# First oil change- dealer didn't have a clue!



## Tomko (Jun 1, 2013)

I firmly believe that most people try their best. 

That's not perfection, because few are perfectionists. And if they are they may be working on the higher end of the scale and not with us Cruze folks. 

Myself I am a perfectionist, so I'm very particular about who services my vehicles and performs other services that I consider important. Which is pretty much everything. 

As for folks cautioning against placing the wrong fuel in the tank. That's called neighbourly kindness in my corner of the world. It is well intentioned and is something for which I'm grateful when I'm about to make an error in judgement after a bad day at work.


----------



## smallheadz (May 11, 2014)

Actually that's not the whole diesel pump story. She had tried 3 other diesel pumps and only one pump had the smaller nozzle to fit the cruze fill neck, the others were for the larger necks . He watched the whole thing and then decided to chime in thinking it was a gas car saying "I know what your problem is!" 
Yes normally well intended and welcomed. I guess I should have explained a bit better.
I also believe most try their best but I still had to clean the trunk area myself as it was everywhere. I will still take my 3 more free oil changes and educate them each time I go in as to what is needed ( I told them this time to fill the DEF before they started but it was not) Hopefully each and every time it will get better. I was not rude in any way and they were nice as well but I would think if they have never worked on one they would have at least took my information that I offered or at least looked it up to see what is included in the regular scheduled maint. 
It will be fine and if any major warranty service is needed I will then search for other options. I too am a perfectionist and have to be with my vehicles since I get the hand me downs after the wife gets a new car.


----------



## Tomko (Jun 1, 2013)

smallheadz said:


> I too am a perfectionist and have to be with my vehicles since I get the hand me downs after the wife gets a new car.


Nice to see that you're just like the rest of us.
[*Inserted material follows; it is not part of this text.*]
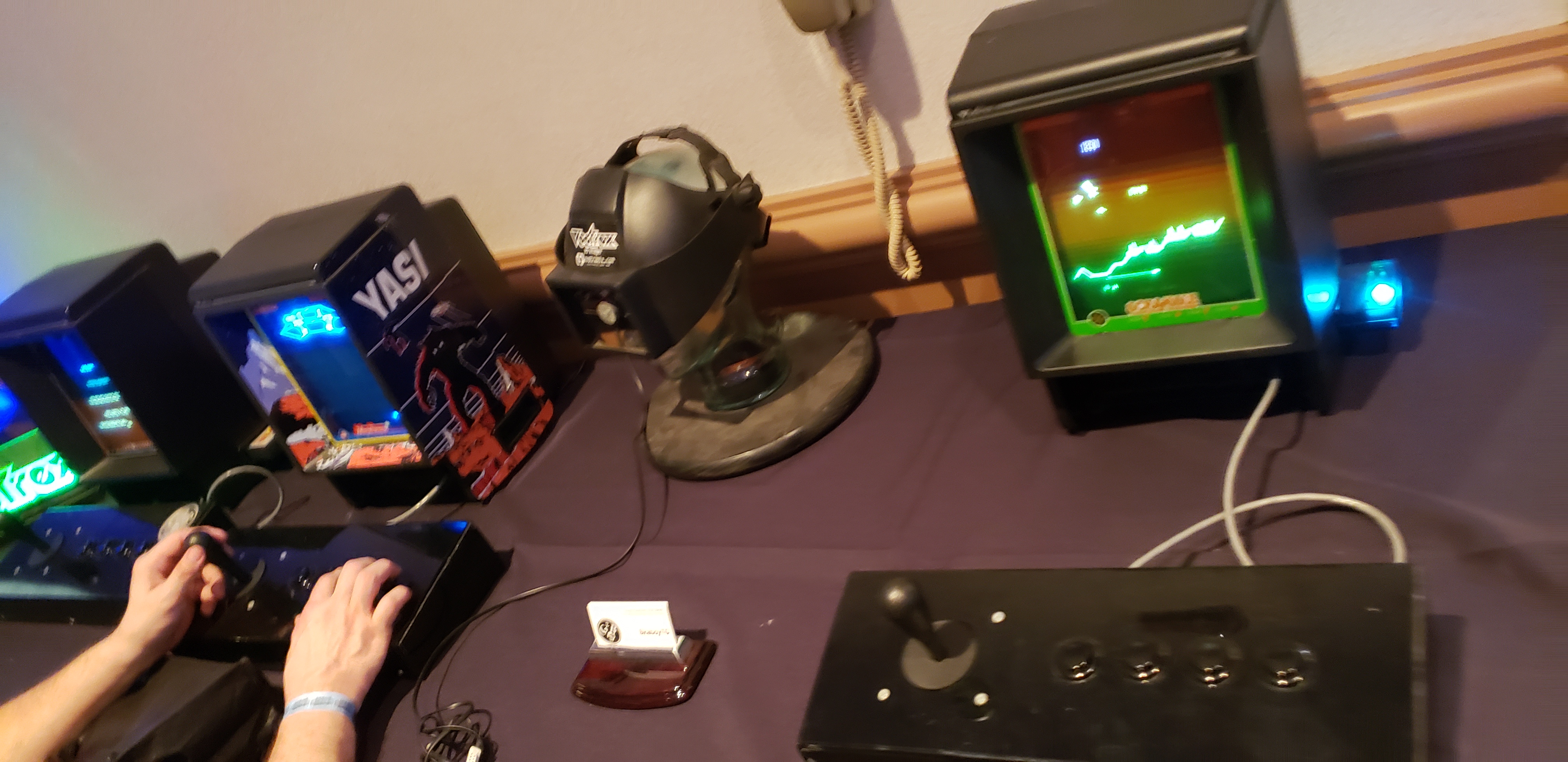 Wandering around to some of the farthest corners of the convention center, I did find a couple more special rooms. Guys Games and Beer had a room with some fun stuff in it, including a few Vectrex machines and a homemade Vectrex arcade cabinet.

You'll fit in just fine around here. And here's the Tomko Method - my best practice on DEF. 

http://www.cruzetalk.com/forum/169-...brary/46217-def-how-do-best-tomko-method.html


----------



## Jim Frye (Mar 16, 2011)

smallheadz said:


> I get the hand me downs after the wife gets a new car.


Same here, at least while I was working. SWMBO always got the new ride and would put less than 15K miles on it in the first five years. Then I got it and would put 85K, or so, on it in the next five years. Now that we are retired, the cars get driven based on the purpose of the trip. The '03 P5, which SWMBO now refers to as "The Beater" gets all of the errand running, while the new car gets used for other trips.


----------



## cmsdock (Feb 16, 2014)

there is a plastic nozzle that comes with the gm def containers. very convenient if you don't refill def at a truck stop like some do on here.


----------



## smallheadz (May 11, 2014)

Actually I meant to keep the DEF container and nozzle but after cleaning up and putting the weather tech back in the trunk I forgot. I will grab it the next time. I also have a mighty vac pump that would work perfect . I may give that a go the next time too. Thanks tomko for the tip from MB


----------



## smallheadz (May 11, 2014)

another update: wife called me today CEL came on. This is the second time it has come on. First time was when she was traveling and was the typical NOX code. I reset it myself and has stayed off 2 1/2 weeks. Looks like back to the dealer. If it's the same code I will tell them it has already been reset just go ahead and order one. I won't schedule it until I scan it. I have been waiting for it to come back on anyway. I will keep this updated if it is something else.


----------